Анна молчала. В душе она чувствовала, что Сергей прав, но страх все еще не покидал ее.

— Знаешь, — вдруг по‑новому мягко произнес Сергей, — я, пожалуй, скажу тебе, почему эта скамейка — самое мое любимое место. Хочешь?

Она кивнула.

— В тот день, когда я прилетел из Амстердама, я не пошел на ТВР сразу, просто не смог. Почему‑то я поехал в этот парк, сел на эту самую скамью и стал думать о моей любви к тебе. Я даже нацарапал твое имя на спинке скамьи, как мальчишка. Да вот оно!

— Значит, это сделал ты? — удивилась Анна. — Надо же, как иногда бывает: мечтаешь о чем‑то, не подозревая, что все уже исполнилось.

— Ну‑ка объясни, — потребовал Сергей.

— Кому? Тебе? Да ни за что! — Она не на шутку рассердилась из‑за того, что ее тайные мысли оказались раскрытыми так недвусмысленно.

— Значит, ты все‑таки хочешь быть любимой? — допытывался Сергей. — Хочешь? Ведь хочешь?

— Я не стану отвечать на такой вопрос, — пролепетала Анна.

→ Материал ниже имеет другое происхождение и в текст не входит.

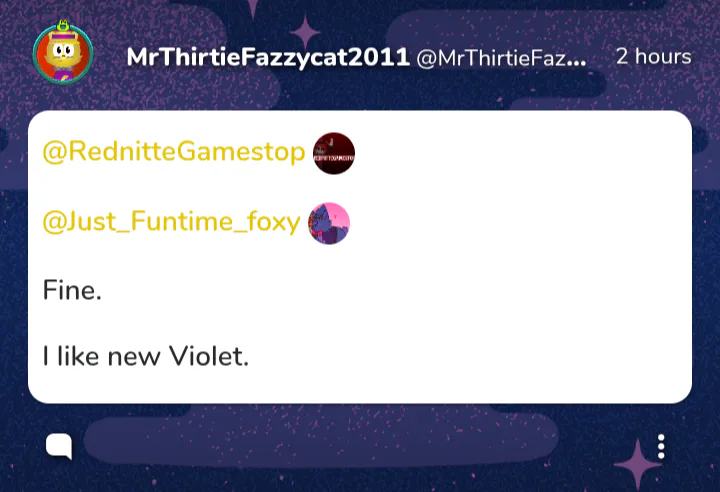 He apologized But also yes i was I agreed with RednitteGamestop about The Game And decision But I decided not to risk things so as not to make everything worse again If Just_Funtime_foxy hates me so much But @ViviTheautistic
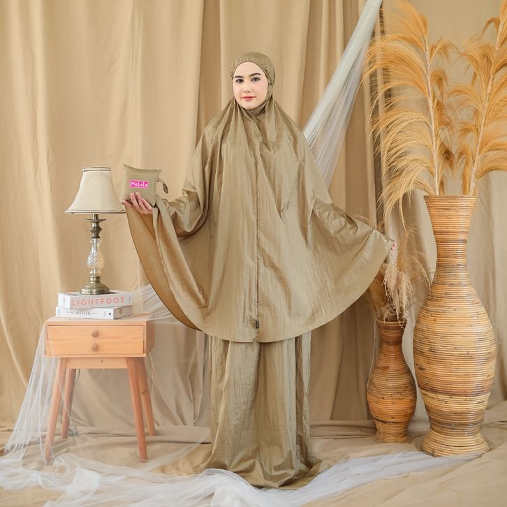 Nelula - Mukena Traveling Mini Pouch Penutup Dagu Dewasa Jumbo Bahan Parasut Crinkle 2024 Murah

— Ах, не станешь? Не станешь? Тогда я тебя заставлю. Ты всю жизнь считала, что я нахал, так вот: ты даже не представляешь, до какой степени. — Он взял Анну за плечи, резко притянул ее к себе и приник губами к ее губам. — И попробуй только повтори хоть раз, что не отвечаешь на мои ласки и что не любишь меня, — успел сказать он между двумя поцелуями.

— Люблю, — едва слышно шепнула Анна. — Люблю тебя, люблю…

Лилечка проснулась среди ночи в холодном поту, включила ночник. Кажется, ей приснился какой‑то кошмар, потому что она кричала во сне. А может быть, и на самом деле вскрикнула и проснулась от своего же голоса, такое бывает.

Алексей заворочался, приоткрыл глаза.

— Что с тобой? — спросил он сонным голосом.

— Ничего, хороший мой, просто приснился дурной сон. Ты же знаешь отчего.

Алексей знал. Ничего особенного в этом действительно не было. Лилечка дохаживала последний, девятый месяц и нередко теперь плохо спала по ночам.

— Это всего лишь кошмар, — объяснила она, — успокойся, любимый. — И улыбнулась: Алексей уже спал, смешно уткнувшись лицом в подушку.

Лилечка вздохнула, выключила свет. Некоторое время она лежала и смирно глядела в темноту. Глаза уже начали сами собой закрываться, как вдруг живот сдавило болью. Это была какая‑то особенная боль. Она поднялась волной, сжала живот со всех сторон, стала почти невыносимой и вдруг медленно отпустила. И тогда Лилечка наконец поняла, что именно ее разбудило и что это означает.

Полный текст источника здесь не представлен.